PROJECT TITLE :
aHDFS: An Erasure-Coded Data Archival System for Hadoop Clusters - 2017
In this paper, we have a tendency to propose an erasure-coded data archival system known as aHDFS for Hadoop clusters, where RS(k + r; k) codes are utilized to archive data replicas in the Hadoop distributed file system or HDFS. We have a tendency to develop two archival strategies (i.e., aHDFS-Grouping and aHDFS-Pipeline) in aHDFSto speed up the information archival process. aHDFS-Groupinga MapReduce-primarily based data archiving scheme - keeps every mapper's intermediate output Key-Value pairs in a very native key-value store.
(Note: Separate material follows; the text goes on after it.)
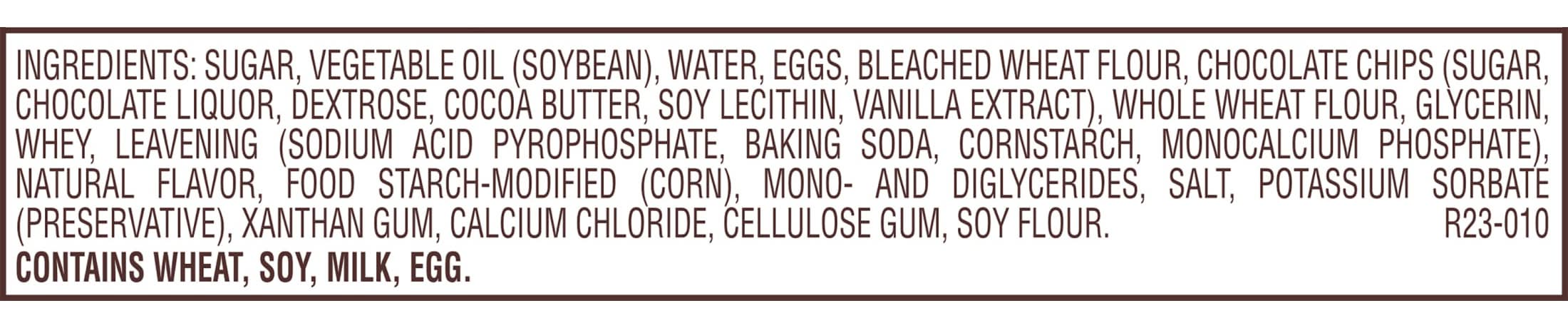 Ingredients: SUGAR, VEGETABLE OIL (SOYBEAN), WATER, EGGS, BLEACHED WHEAT FLOUR, CHOCOLATE CHIPS [SUGAR, CHOCOLATE LIQUOR, DEXTROSE, COCOA BUTTER, SOY LECITHIN, VANILLA EXTRACT], WHOLE WHEAT FLOUR, GLYCERIN, WHEY, LEAVENING [SODIUM ACID PYROPHOSPHATE, BAKING SODA, CORNSTARCH, MONOCALCIUM PHOSPHATE], NATURAL FLAVOR, FOOD STARCH-MODIFIED (CORN), MONO- AND DIGLYCERIDES, SALT, POTASSIUM SORBATE (PRESERVATIVE), XANTHAN GUM, CALCIUM CHLORIDE, CELLULOSE GUM, SOY FLOUR. Contains: CONTAINS EGG, MILK, SOY, WHEAT.

With the native store in place, aHDFS-Grouping merges all the intermediate key-worth pairs with the identical key into one single key-price try, followed by shuffling the single Key-Value pair to reducers to get final parity blocks. aHDFS-Pipeline forms a knowledge archival pipeline using multiple information node in a Hadoop cluster. aHDFS-Pipeline delivers the merged single key-worth combine to a subsequent node's local key-price store. Last node within the pipeline is accountable for outputting parity blocks. We tend to implement aHDFS in a very real-world Hadoop cluster. The experimental results show that aHDFS-Grouping and aHDFS-Pipeline speed up Baseline's shuffle and cut back phases by a issue of ten and five, respectively. When block size is larger than 32 MB, aHDFS improves the performance of HDFS-RAID and HDFS-EC by approximately 31.eight and fifteen.seven p.c, respectively.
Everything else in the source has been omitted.